*** PROVIDED DATA ***

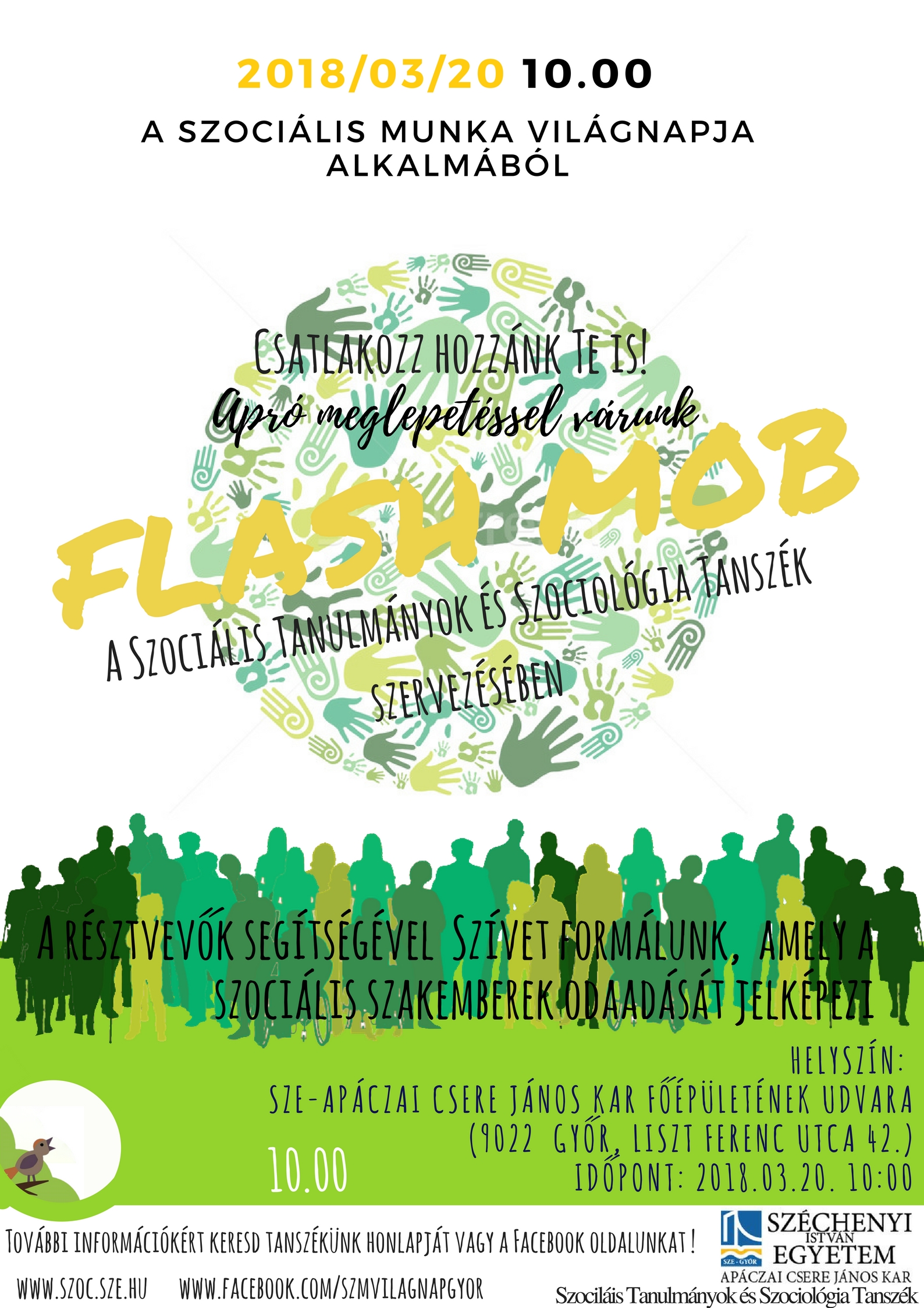 10 órakor megnyitó és flashmob az Apáczai Csere János kar udvarán, (Győr, Liszt Ferenc u. 42.), összegyűlünk, és szíveket formáló élőképpel hívjuk fel a figyelmet a szociális szakemberek odaadására és a szociális szférára.
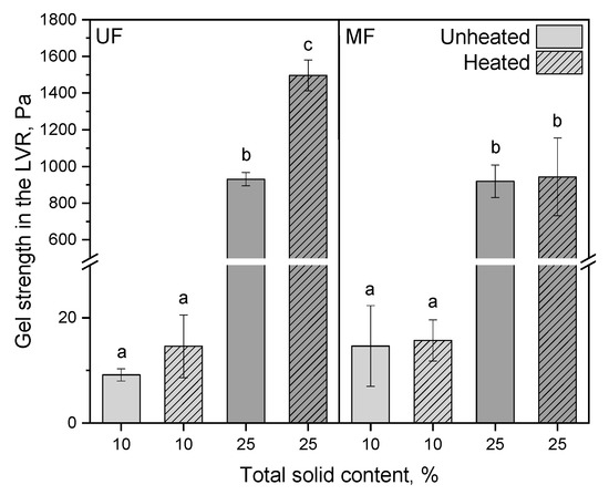 Gel strength in the linear viscoelastic region (LVR) of unheated and heated reconstituted UF and MF rennet gels with 10 and 25% total solid content. Letters indicate the statistical significance at p ≤ 0.05.
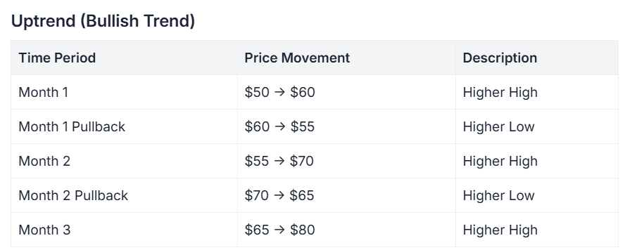 Uptrend (Bullish Trend): Characterized by a series of "higher highs" and "higher lows." The price is consistently reaching new peaks and the pullbacks are not falling below previous lows. You can draw a "trendline" by connecting the rising lows to visualize the uptrend.
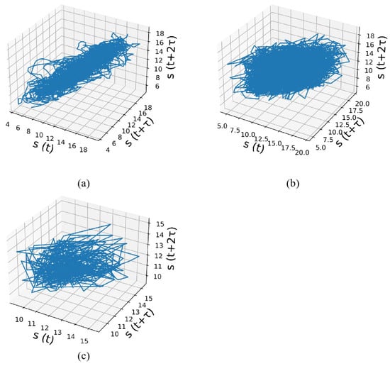 The three-dimensional phase space of the reconstructed EDH time series at three different timescales: (a) hourly, (b) daily, and (c) monthly.
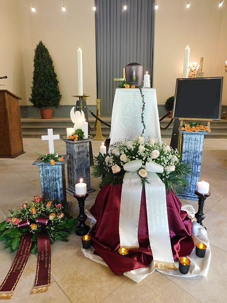 Der Zeitpunkt für die Trauerfeier kann ganz individuell gewählt werden. Zum Teil findet sie getrennt von der Bestattung oder Beisetzung statt. Der Tote kann zu Hause oder in einem eigens dafür vorgesehenen Raum aufgebahrt werden und die Hinterbliebenen haben die Möglichkeit sich entweder am offenen oder geschlossenen Sarg zu verabschieden. Die Trauerfeier kann aber auch als Teil der Beisetzung betrachtet werden. Dann verabschiedet man sich vorher in einer Zeremonie vom Toten und begleitet die Angehörigen anschließend zur Beerdigung auf den Friedhof. Trauerfeiern sind heutzutage eine sehr individuelle Sache, die jede Familie so gestalten kann, wie sie es für richtig hält – einen richtigen oder falschen Zeitpunkt oder Ablauf dafür gibt es nicht.
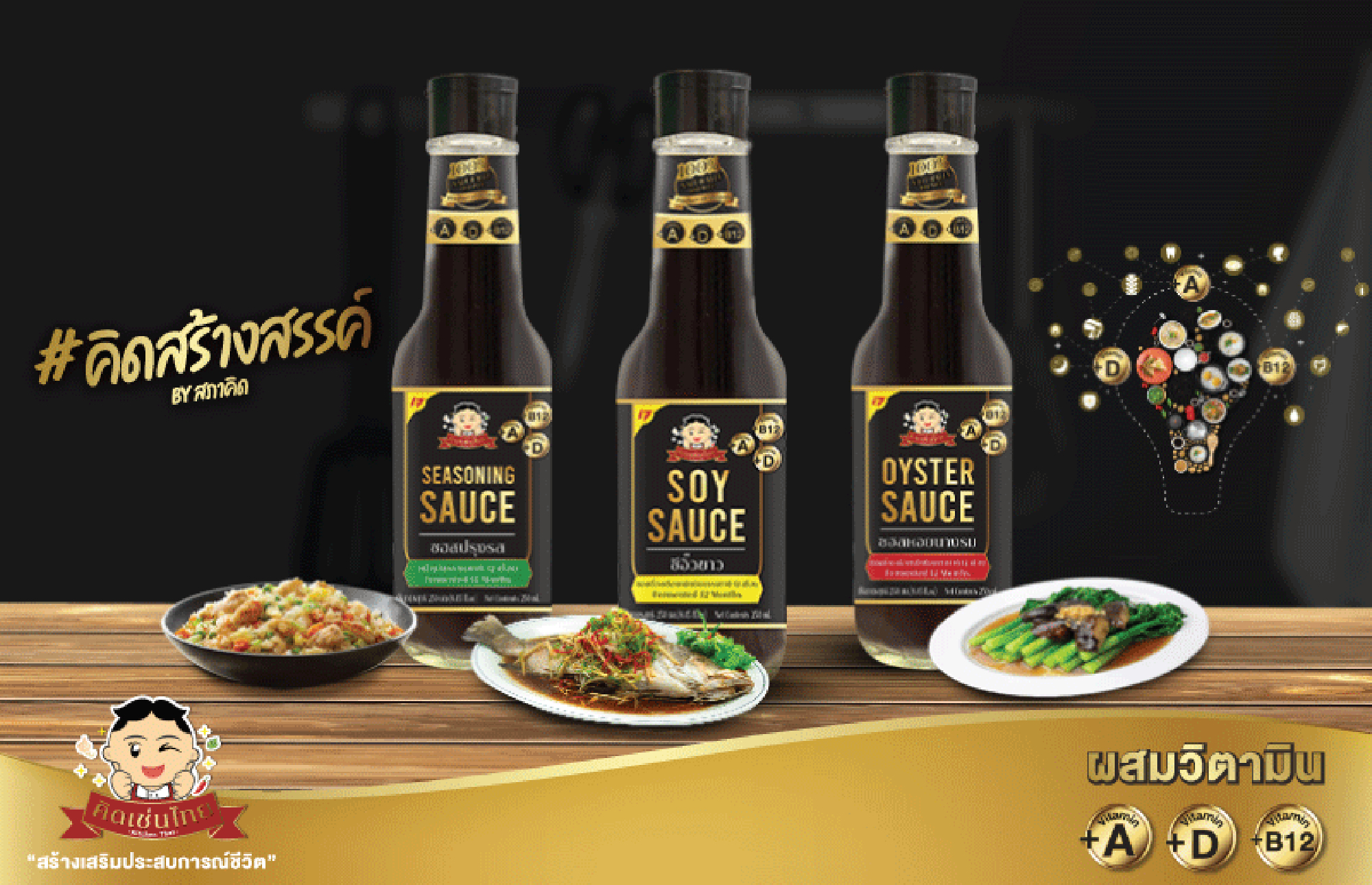 Mr. Piti Bhirom Bhakdi, CEO of Food Factors Co., Ltd., revealed that the overall sauce and seasoning market is filled with potential and growth. Looking back at the past year, the market valued at 41.8 billion, but with an average 4.3% growth, the company has decided to research and develop new products for this market to suit consumer needs and build a complete product portfolio. “Kitchen Thai” is an entirely new brand under the sauce and seasoning category with three products for initial market launch, soy sauce, seasoning sauce, and oyster sauce with vitamins added for health-conscious consumers.
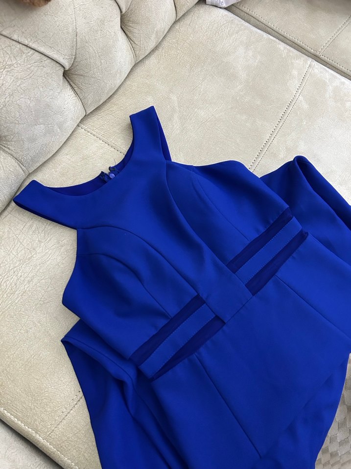 Kolsuz, straplez yakalı ve kemerli bu parlak mavi uzun elbise, modern bir tarzda hiç kullanılmamıştır s M bedenler için uygundur

*** End of PROVIDED DATA ***

Pictures stay out. Repeat only the lines from the beginning of the data through the line that has "The three-dimensional phase".

» EXERCISE RESULT:
 10 órakor megnyitó és flashmob az Apáczai Csere János kar udvarán, (Győr, Liszt Ferenc u. 42.), összegyűlünk, és szíveket formáló élőképpel hívjuk fel a figyelmet a szociális szakemberek odaadására és a szociális szférára.
 Gel strength in the linear viscoelastic region (LVR) of unheated and heated reconstituted UF and MF rennet gels with 10 and 25% total solid content. Letters indicate the statistical significance at p ≤ 0.05.
 Uptrend (Bullish Trend): Characterized by a series of "higher highs" and "higher lows." The price is consistently reaching new peaks and the pullbacks are not falling below previous lows. You can draw a "trendline" by connecting the rising lows to visualize the uptrend.
 The three-dimensional phase space of the reconstructed EDH time series at three different timescales: (a) hourly, (b) daily, and (c) monthly.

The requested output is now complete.